DR Congo prisoners dying from hunger, says NGO
Hundreds of prisoners die each year in severely overcrowded and unsanitary prisons in the Democratic Republic of Congo, which prison officials and NGOs say is largely due to a lack of food and medicine.
At a prison in Bunia, the capital of northeastern Ituri province, two inmates died this week bringing the total number of casualties there to 17 since April, according to the prison’s director, Camille Nzonzi.
“We have 1,364 inmates, that’s too many,” she said according to the United Nations, the Bunia prison was designed to hold 220 people.
“The biggest problem is the food shortage,” she said. To make up for the prison administration’s shortcomings, a local church has organized a food distribution.
Waiting for their next meal, standing close together in a single file, the inmates have bloodshot eyes and show signs of malnutrition.
“We live poorly, we sleep badly, we don’t take care of our health and we don’t eat, two spoonfuls of porridge per person. Today, we are lucky, we had rice,” said one detainee, Justin Titike.
At least 223 prisoners died in Congolese detention facilities in 2018, while 201 died in 2017, according to the United Nations.

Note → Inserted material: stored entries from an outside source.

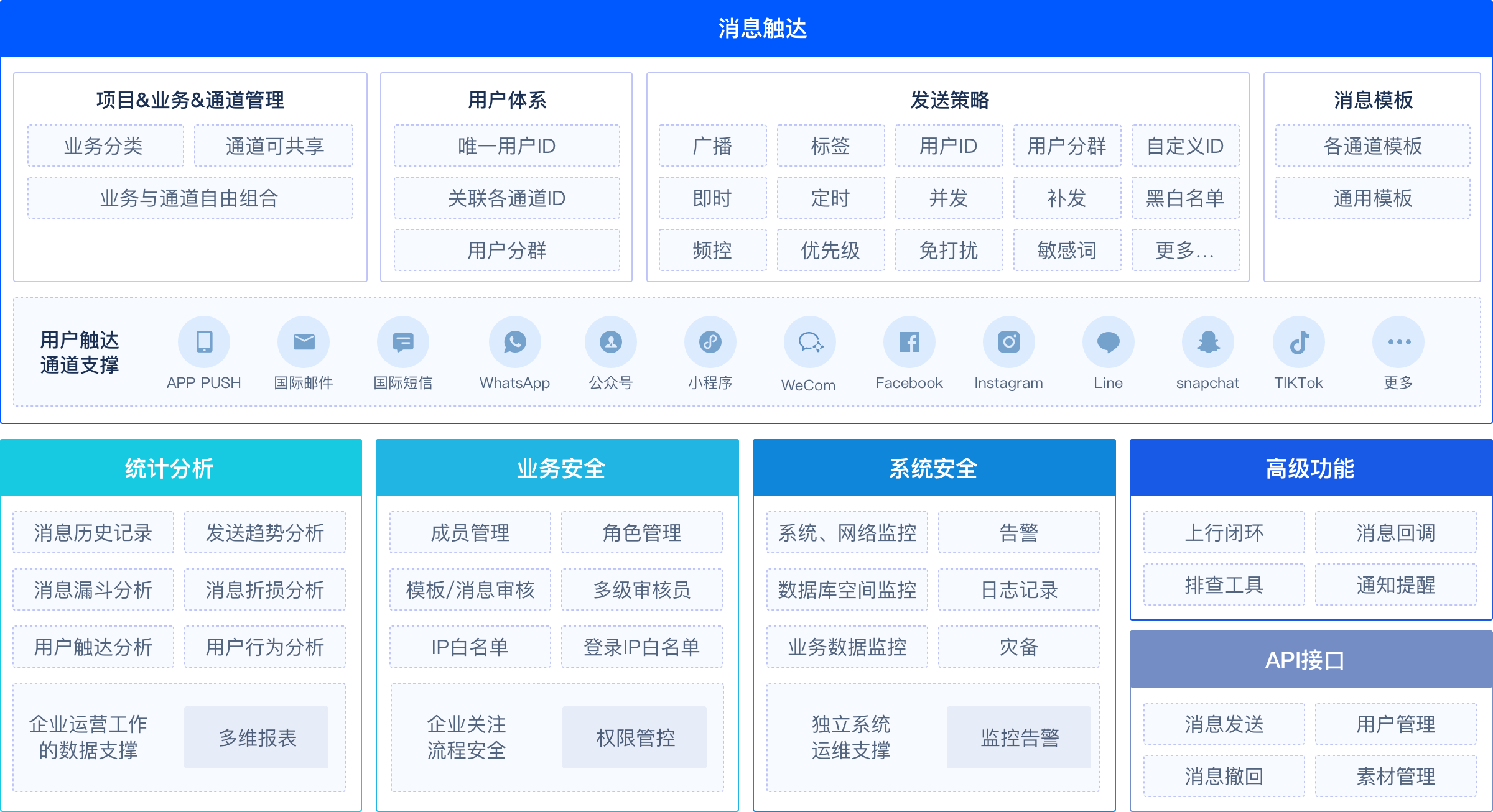 国际法律监管下的合规隐私安全;符合海外政策的数据采集等合规保障;符合海外敏感词、发送频次等消息合规保障
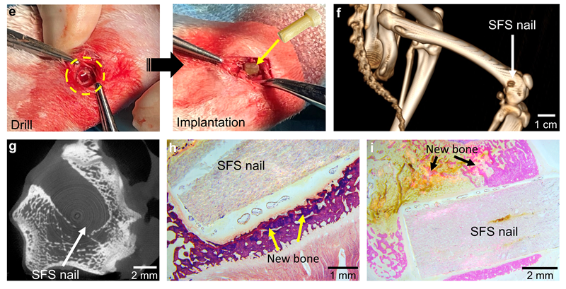 樊威教授团队联合清华大学张莹莹教授团队针对目前骨外科手术中应用金属与合金(~110 GPa)人造骨和人体骨(3~20 GPa)之间的弹性模量相差较大,会发生应力屏蔽效应,植入体内后难以降解,需要进行二次手术的问题,巧妙的利用了蚕丝(Silk II结构)与丝素(Silk I结构)之间结晶度的差异,将脱胶蚕丝织物与再生丝素热压制备了一种丝素自增强复合材料(SFS)。SFS通过调整增强体结构与基体的比例,可以定制其力学性能和密度,以适应人体不同部位骨植入的要求。更重要的是,SFS具有促进成骨细胞增殖和提高成骨细胞活性的能力,并且可随着骨愈合在体内逐渐降解,无需二次手术切除,避免了患者的二次疼痛,节省了医疗费用。SFS具有取代传统金属或陶瓷植入物的巨大潜力,因此,该项工作得到了国家自然科学基金、陕西省杰出青年科学基金、陕西省高校青年创新团队与西安市中心医院项目的支持。
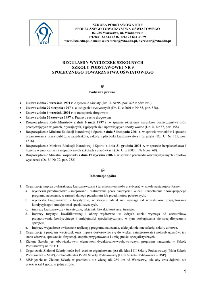 SZKOŁA PODSTAWOWA NR 9 SPOŁECZNEGO TOWARZYSTWA OŚWIATOWEGO 02-785 Warszawa, ul. Wiolinowa 6 tel./fax: 22 643 48 02, tel.: 22 644 33 59 www.9sto.edu.pl, e-mail: [email protected], [email protected] REGULAMIN WYCIECZEK SZKOLNYCH SZKOŁY PODSTAWOWEJ NR 9 SPOŁECZNEGO TOWARZYSTWA OŚWIATOWEGO §1 Podstawa prawna: Ustawa z dnia 7 września 1991 r. o systemie oświaty (Dz. U. Nr 95, poz. 425 z późn.zm.) Ustawa z dnia 29 sierpnia 1997 r. o usługach turystycznych (Dz. U. z 2001 r. Nr 55, poz. 578). Ustawa z dnia 6 września 2001 r. o transporcie drogowym Ustawa z dnia 20 czerwca 1997 r. Prawo o ruchu drogowym Rozporządzenie Rady Ministrów z dnia 6 maja 1997 r. w sprawie określenia warunków bezpieczeństwa osób przebywających w górach, pływających, kąpiących się i uprawiających sporty wodne (Dz. U. Nr 57, poz. 358). Rozporządzenie Ministra Edukacji Narodowej i Sportu z dnia 8 listopada 2001 r. w sprawie warunków i sposobu organizowania przez publiczne przedszkola, szkoły i placówki krajoznawstwa i turystyki (Dz. U. Nr 135, poz. 1516). Rozporządzenie Ministra Edukacji Narodowej i Sportu z dnia 31 grudnia 2002 r. w sprawie bezpieczeństwa i higieny w publicznych i niepublicznych szkołach i placówkach (Dz. U. z 2003 r. Nr 6 poz. 69). Rozporządzenie Ministra Gospodarki z dnia 17 stycznia 2006 r. w sprawie przewodników turystycznych i pilotów wycieczek (Dz. U. Nr 72, poz. 752) §2 Informacje ogólne 1. 2. 3. 4. 5. Organizacja imprez o charakterze krajoznawczym i turystycznym może przybierać w szkole następujące formy: a. wycieczki przedmiotowe - inicjowane i realizowane przez nauczycieli w celu uzupełnienia obowiązującego programu nauczania, w ramach danego przedmiotu lub przedmiotów pokrewnych, b. wycieczki krajoznawczo - turystyczne, w których udział nie wymaga od uczestników przygotowania kondycyjnego i umiejętności specjalistycznych, c. imprezy krajoznawcze - turystyczne, takie jak: biwaki, konkursy, turnieje, d. imprezy turystyki kwalifikowanej i obozy wędrowne, w których udział wymaga od uczestników przygotowania kondycyjnego i umiejętności specjalistycznych, w tym posługiwania się specjalistycznym sprzętem, e. imprezy wyjazdowe związane z realizacją programu nauczania, takie jak: zielone szkoły, szkoły zimowe. Organizację i program wycieczek oraz imprez dostosowuje się do wieku, zainteresowań i potrzeb uczniów, ich stanu zdrowia, sprawności fizycznej, stopnia przygotowania i umiejętności specjalistycznych. Zielona Szkoła jest obowiązkowym elementem dydaktyczno-wychowawczym programu nauczania w Szkole Podstawowej nr 9 STO. Organizacja Zielonej Szkoły może być osobno organizowana jest dla klas I-III Szkoły Podstawowej (Mała Szkoła Podstawowa – MSP), osobno dla klas IV-VI Szkoły Podstawowej (Duża Szkoła Podstawowa – DSP]. MSP jedzie na Zieloną Szkołę w promieniu nie więcej niż 250 km od Warszawy, tak, aby czas dojazdu nie przekraczał 4 godz. w jedną stronę. 1 6. Termin oraz miejsce pobytu Zielonej Szkoły zostaje podany na pierwszym zebraniu z Rodzicami po Nowym Roku i powinien uwzględniać terminy innych wydarzeń, w których udział biorą uczniowie, np. pierwsza komunia i jej rocznica dla klas II i III MSP. §3 Obowiązki kierownika wycieczki 1. 2. 3. 4. 5. 6. 7. Dyrektor szkoły wyznacza kierownika wycieczki lub imprezy spośród pracowników pedagogicznych szkoły o kwalifikacjach odpowiednich do realizacji określonych form krajoznawstwa i turystyki. Kierownikiem wycieczki lub imprezy może być także inna, wyznaczona przez Dyrektora szkoły, osoba pełnoletnia, która: a. ukończyła kurs kierowników wycieczek szkolnych lub b. jest instruktorem harcerskim lub c. posiada uprawnienia przewodnika turystycznego, przodownika lub instruktora turystyki kwalifikowanej lub pilota wycieczek. Na co najmniej trzy dni przed terminem wycieczki przedmiotowej lub turystyczno - krajoznawczej jej kierownik zgłasza Dyrektorowi zamiar wyjścia poza teren szkoły w celu sporządzenia zastępstw za nieobecnego nauczyciela (kierownika lub opiekuna wycieczki). Kierownik wycieczki lub imprezy w szczególności: a. opracowuje program i harmonogram wycieczki lub imprezy, b. opracowuje regulamin i zapoznaje z nim wszystkich uczestników, c. zapewnia warunki do pełnej realizacji programu i regulaminu wycieczki lub imprezy oraz sprawuje nadzór w tym zakresie, d. zapoznaje uczestników z zasadami bezpieczeństwa oraz zapewnia warunki do ich przestrzegania, e. określa zadania opiekuna w zakresie realizacji programu, zapewnienia opieki i bezpieczeństwa uczestnikom wycieczki lub imprezy, f. nadzoruje zaopatrzenie uczestników w sprawny sprzęt i ekwipunek oraz apteczkę pierwszej pomocy, g. organizuje transport, wyżywienie i noclegi dla uczestników, h. dokonuje podziału zadań wśród uczestników, i. dysponuje środkami finansowymi przeznaczonymi na organizację wycieczki lub imprezy, j. dokonuje podsumowania, oceny i rozliczenia finansowego wycieczki lub imprezy po jej zakończeniu. Dokumentacja wycieczki, którą kierownik przekazuje Dyrektorowi w określonym czasie, zawiera: a. kartę wycieczki, b. listę uczestników, c. pisemne zgody rodziców (prawnych opiekunów) - o ile nie zostały one wcześniej pobrane od rodziców i złożone w sekretariacie szkoły, Kierownik wycieczki, po zatwierdzeniu karty wycieczki, zgłasza odpowiednio wcześnie wyjazd grupy do Komendy Policji w celu sprawdzenia stanu technicznego autobusu. Fakt przeprowadzenia wycieczki kierownik lub wychowawcy klas mają obowiązek odnotować w dzienniku elektronicznym. §4 Obowiązki opiekuna wycieczki 1. 2. 3. Opiekunem wycieczki lub imprezy może być nauczyciel albo, po uzyskaniu zgody Dyrektora szkoły, inna pełnoletnia osoba, w tym także rodzic ucznia. Opiekun potwierdza własnoręcznym podpisem na karcie wycieczki zobowiązanie do pełnienia funkcji i rzetelnego wykonywania obowiązków opiekuna wycieczki. Opiekun w szczególności: a. sprawuje opiek
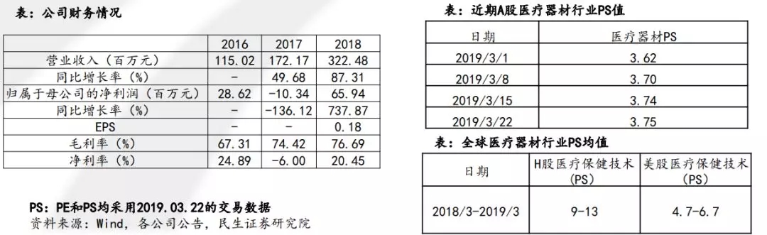 从公司财务数据看,公司研发投入相对较大,导致前2年净利润为负,此外公司的营收增速相对较快,毛利率相对较高,产品的实用型较强,专利技术领先,建议采用PS估值,目前A股医疗器材行业PS为3.6-3.8X,美股医疗保健技术PS均值为4.7-6.9X,港股PS均值为9-13X,考虑公司技术领先,科创板市场情绪,PS估值在10-20X间,估值在32-64亿。

“Congolese prisons are among the most overcrowded in the world,” with an average overcapacity rate of 432 percent, Human Rights Watch noted.
The NGO sounded a new alarm in April, at the start of the outbreak of the new coronavirus, which affected about 100 inmates at the Ndolo military prison in the country’s capital Kinshasa.
– ‘No medication available’ –
Overcrowded prisons suffer frequent shortages of food and medicine.
“The quantity of food is not even enough for a two-year-old child,” said Augustin, a death row inmate in the northwestern town of Agenga in a report by the French NGO Together Against the Death Penalty (ECPM), published at the end of 2019.
“In most of the prisons visited, the inmates explained that apart from paracetamol and treatments for malaria and tuberculosis, there was no medication available,” ECPM added.
“We wonder what the president thinks about this,” said one inmate from Bunia’s central prison, Justin Bangate.
President Felix Tshisekedi put the issue of “stock shortages of food and medicine” on the agenda of the Council of Ministers on Friday.
The president pledged to “personally ensure that every detainee can benefit from a treatment that preserves his life, physical and mental health, as well as his dignity.”